The right chemistry

Graduate course blends videoconferencing, in-person visits

6 May 2011  •  A group of five master’s and doctoral students broke new ground this semester as they learned from top researchers halfway across the United States. As part of a new graduate course in atmospheric chemistry, students from North Carolina Agricultural and Technical State University connected with more than a dozen NCAR scientists through video lectures and a weeklong visit to Boulder.

The course emerged through a 2009 memorandum of understanding between NSF and the Interdisciplinary Scientific Environmental Technology Cooperative Science Center (ISET-CSC), one of five NOAA-based CSCs that partners with minority-serving institutions to develop modeling, sensing, and information analysis tools.

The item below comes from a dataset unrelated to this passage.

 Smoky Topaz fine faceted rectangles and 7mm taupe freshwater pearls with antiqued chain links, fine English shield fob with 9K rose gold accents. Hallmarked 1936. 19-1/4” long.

Based at North Carolina A&T, an historically black institution located in Greensboro, ISET-CSC collaborates with six other colleges and universities from Alaska to Georgia.

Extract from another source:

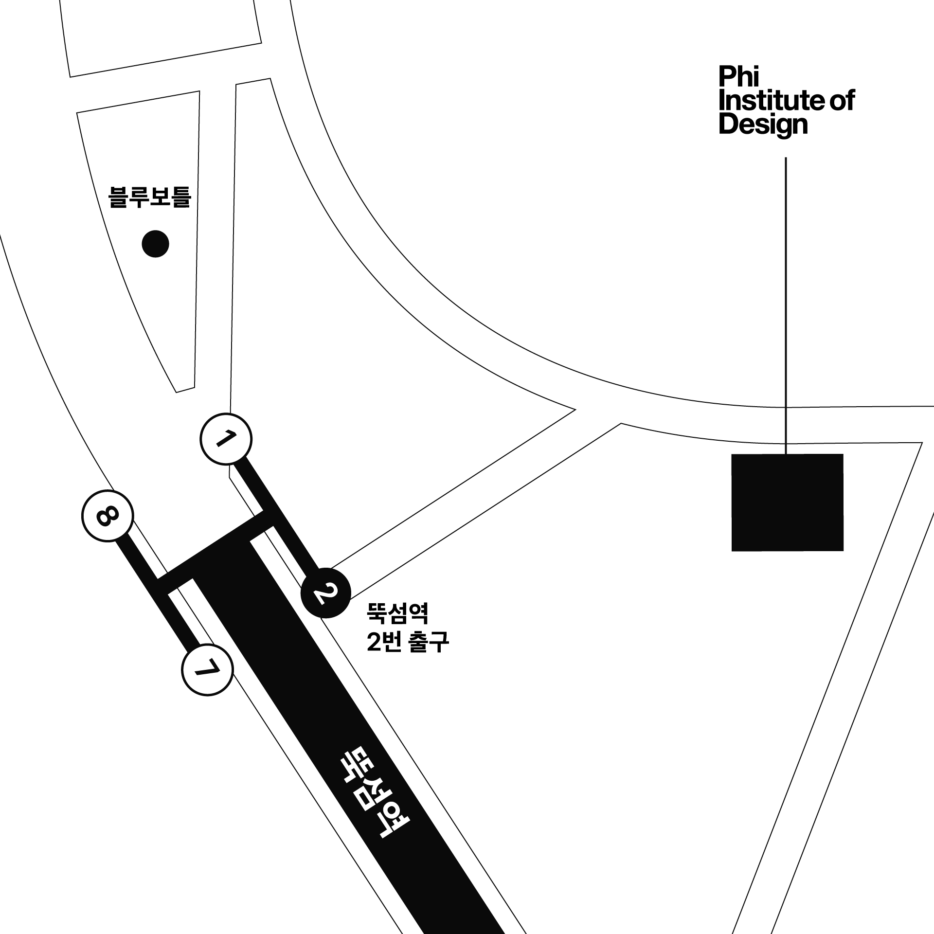 네이버 지도로 보기 →디자인 교육기관 Phi는 뚝섬역 근처에 위치하고 있습니다.

Geoff Tyndall and Stephany Taylor
As part of a modeling exercise, NCAR’s Geoff Tyndall confers with Stephany Taylor, now in her first year of graduate work in energy and environmental sciences at North Carolina A&T. (© UCAR. This image is freely available for media and nonprofit use.)

The seeds of the course were planted when Geoff Tyndall, from NCAR’s Atmospheric Chemistry Division (ACD), went to A&T last year to give a seminar. From that visit, and similar visits by other NCAR scientists, emerged an informal collaboration leading to the course, which was developed jointly by ACD scientists and ISET-CSC director Solomon Bililign.

Tyndall taught one of the six two-hour lectures, which were delivered via videoconference from Boulder to Greensboro on most Tuesdays during January and February. “We always had scientists in the room, so there was a bit of an audience on our end too,” says Tyndall. “The technology worked remarkably well—I was pleasantly surprised.”

The students then spent the week of 7–11 March at NCAR, taking part in modeling and laboratory exercises, lectures, and facility tours. Course material ranged from the fundamentals of gas-phase and heterogeneous processes to air quality, chemistry and climate, and approaches to measuring and modeling.

“We’ve taught a number of classes before, but this was a unique format,” says ACD’s Sasha Madronich. “The videoconferencing is certainly accessible and inexpensive. It still doesn’t have the same personal interaction that an onsite visit has, of course, so the two parts are both very important.”

The course brought a variety of benefits to participants, who themselves straddled a variety of points along the grad-school pathway. Now in the second year of a master’s program in chemistry, Ndifreke Amama is writing a thesis on how lightning may contribute to the formation of tropospheric ozone along the coast of South America. From this semester’s course, he says, “I’ve gotten a lot of background information on nitrogen oxides as a precursor to ozone formation.”

“There were a few gaps in my education that the professors at A&T didn’t have the background to fully explain for a clear understanding,” says Darkus Jenkins, now in her fourth year of a doctoral degree in energy and environmental systems. She’s working on developing photoluminescent sensors for volatile organic compounds.

Another student closing in on his Ph.D., Anthony Cochran, came into the energy and environmental systems program at A&T by way of physics. “I’m not a chemist,” says Cochran, “so this would have been a great course to have when I first came in. But now it’s perfect for preparing for my dissertation.”